The analysis of 13 environmental factors that significantly impact the distribution of giant pandas in the Qinling Mountains is shown in Figure 10. From the percent contribution, the top three environmental factors are Bio10 (mean temperature of warmest quarter) (46.7%), Bio15 (precipitation seasonality) (21.4%) and Bio12 (annual precipitation) (17%); the cumulative contribution rate is 85.1% (Table 4); in terms of permutation importance, the top three environmental variables are Bio12 (34.9%), Bio10 (23.1%), and Bio18 (Precipitation of warmest quarter) (22.2%); the cumulative contribution rate is 80.2% (Table 4). From the comparison of the importance of the Jackknife, Bio15, Bio10, altitude, and Bio2 are the most crucial. To sum up, Bio15, Bio10, altitude, and Bio2 are the dominant environmental factors affecting the geographical distribution of giant pandas in the Qinling Mountains.
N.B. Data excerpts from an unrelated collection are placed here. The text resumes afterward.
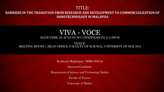 Micro-engineering and Nanoelectronics (IMEN), UKM, Bangi Nanoelectronics, OLED, Micro- electromechanical systems (MEMS/NEMS), Nanowire, Sensors Set up in 2002. Consist of full time researchers, postgraduate students, PhD graduates, MSc graduates. Collaborating with institutions in Korea, Japan and Indonesia, Telekom and MIMOS Ibnu Sina Institute for Fundamental Science Studies (IIS), UTM, Johor Nanochemistry – nanostructures material, nanocatalysts, carbon nanotube (CNT), nanoelectronic devices Set up in 1997; other sources claim it was set up in 1971. Conducts fundamental science research. Combinatorial Technology and Catalysis Research Center (COMBICAT/NANOCEN),UM Catalysts Set up date of CoE not available Advances Materials Research Center (AMREC), SIRIM Berhad, Kedah Nanomaterials and processes Set up in Shah Alam in 1996; moved to Kedah in 2000 Advanced Materials and Nanotechnology Laboratory (AMNL), UPM, Serdang based in Institute of Advanced Technology, (ITMA), UPM, Serdang Nano-composite materials, nanostructures, carbon nanotubes, Nanomedicine, Electronics Set up in 1999 PutraCAT, UPM, Serdang Nanostructures, nanoparticles of bulk metal oxides Set up in 2008 Institute of Nanoelectronics Engineering (INEE), UniMAP, Perlis Nanobiochips, photonics, non-volatile memory devices, novel devices, smart sensor Set up in 2008 Malaysian Institute of Microelectronic Systems (MIMOS) Nanostructures in MEMS/NEMS, nanoelectronics Set up in 1985 Source: Asia Nano Forum (ANF); Based on Visitations, Institutions and Research Institutes Websites/ Organization Brochures Nanotechnology Institutions and Research Centers in Malaysia
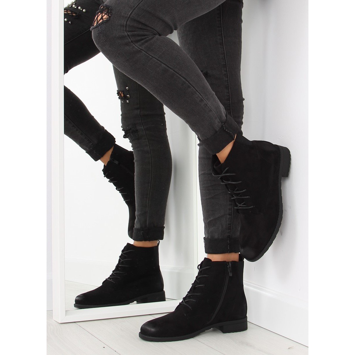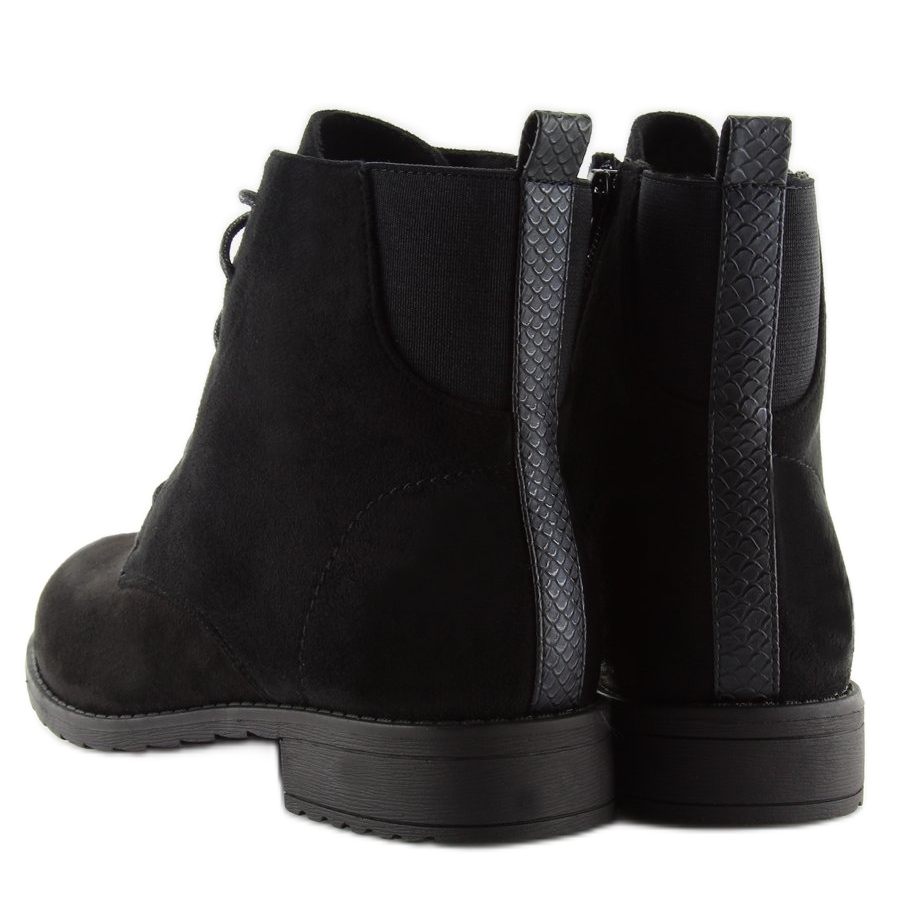 Detalii: Botine negre din piele intoarsa cu siret negru
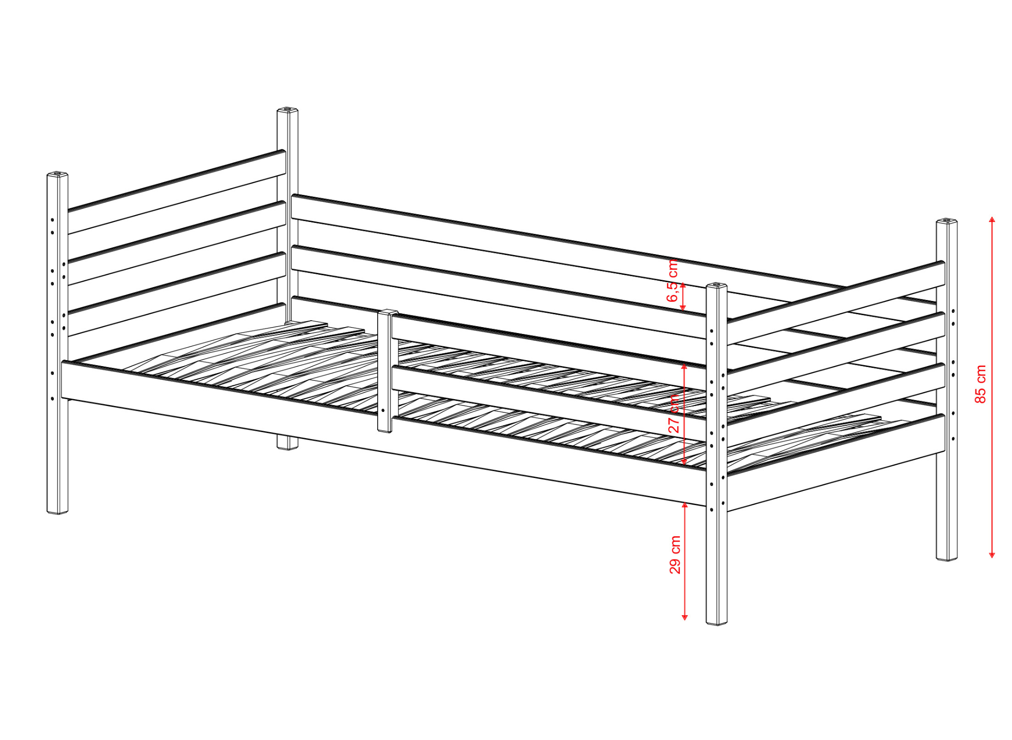 - Διάσταση στρώματος: 80x160cm – Εξωτερική διάσταση κρεβατιού 87x168cm
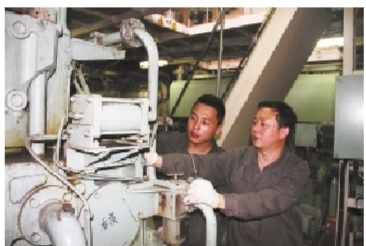 | 轮机长薛国标(图右)指导实习轮机员进行检修。 |
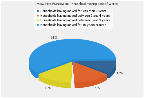 - Number of households of Warcq having moved between 2 and 5 years : 75 - Number of households of Warcq having moved between 5 and 9 years : 77 - Number of households of Warcq having moved for 10 years or more : 326 |
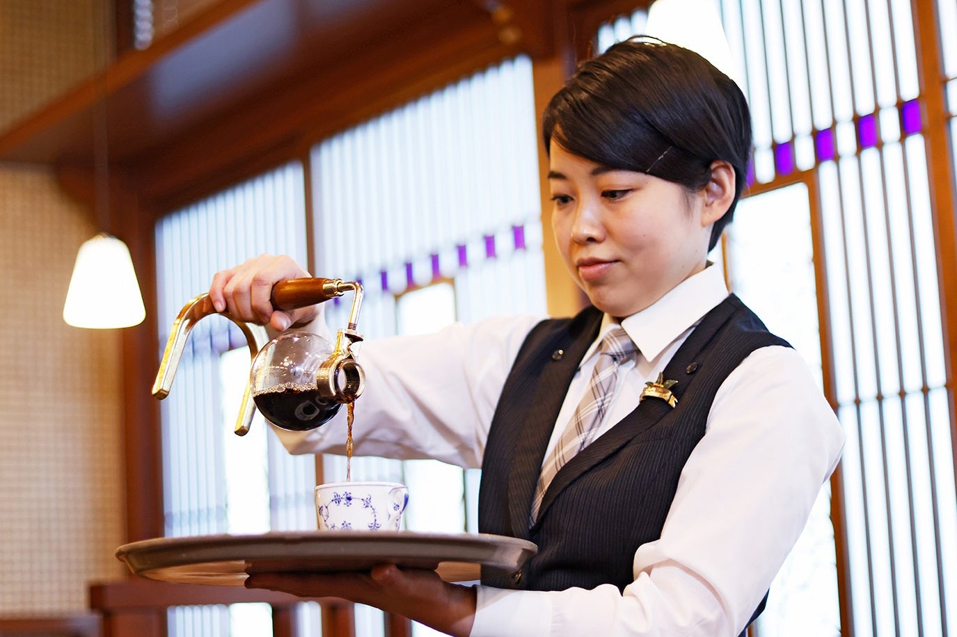 コーヒーマイスターの資格をもつサイフォニストが一杯ずつ丁寧に抽出し、お客様の前でお注ぎしますので、五感でコーヒーをお楽しみください。
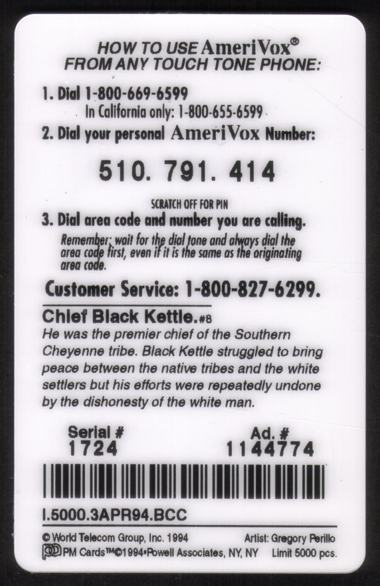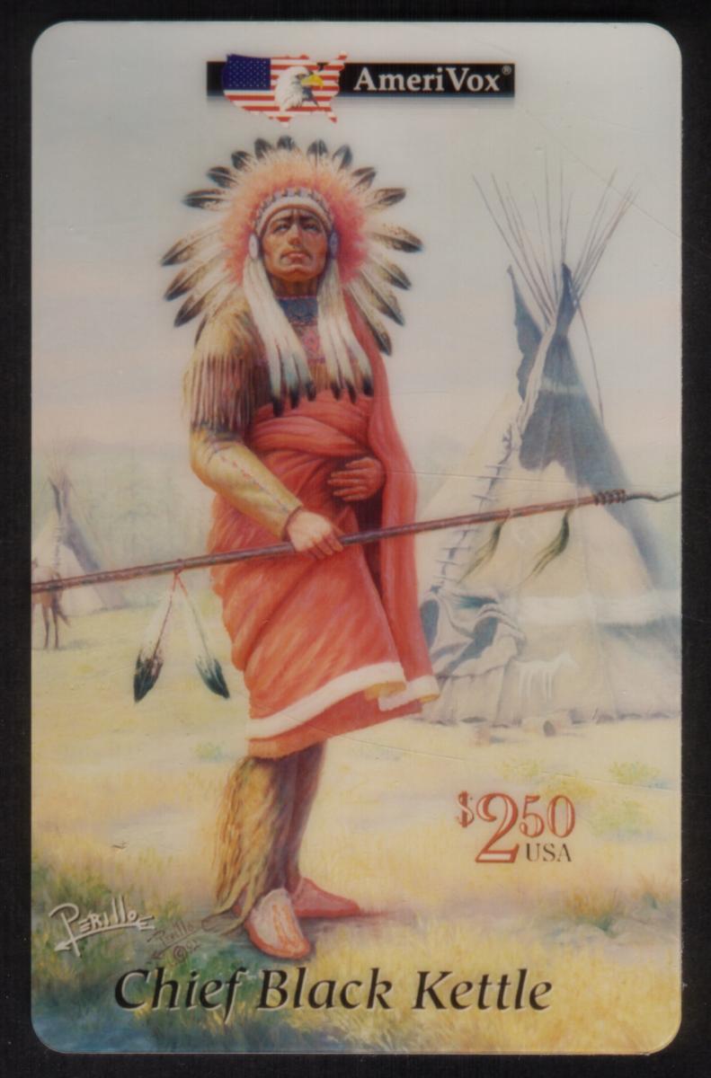 This collectible phone card features artwork of Chief Black Kettle, a notable figure from Native American history. The detailed illustration by Perillo portrays Chief Black Kettle wearing a traditional headdress with feathers and dressed in a red garment with fringed sleeves. He is holding a long spear or staff horizontally across his body.
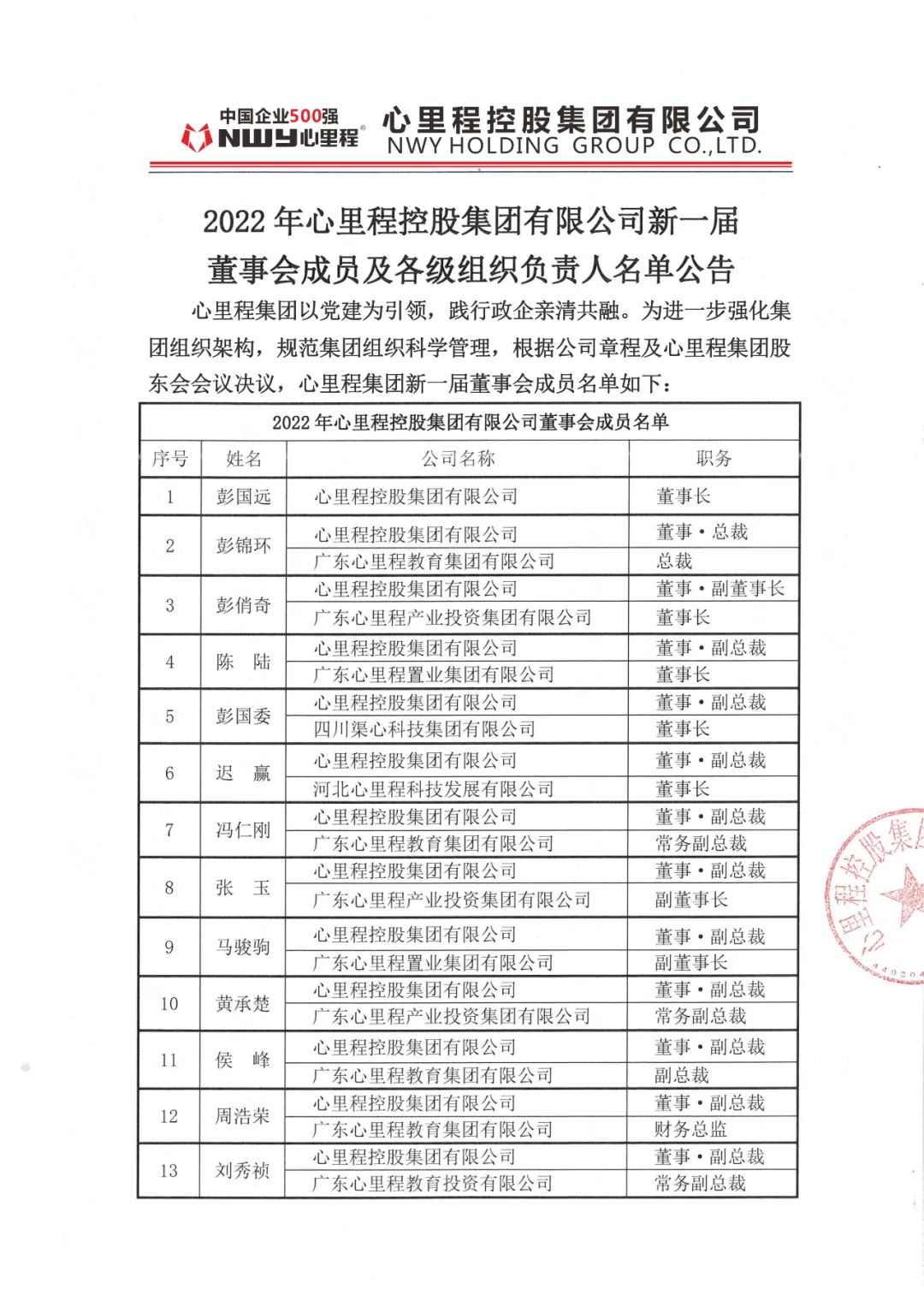 定了!心里程集團(tuán)公布新一屆董事會(huì)及各級(jí)組織負(fù)責(zé)人名單

It is generally accepted that when the distribution probability is greater than 0.5, its corresponding ecological factor value is suitable for the growth of the species [32]. The suitable range of Bio15 (precipitation seasonality) is 72–74 mm, the suitable range of Bio10 (mean temperature of warmest quarter) is 11.5–17.5 °C, the suitable range of altitude is 1800–3100 m, and the suitable range of Bio2 (mean diurnal) range is 7.3–7.8 °C (Figure 11).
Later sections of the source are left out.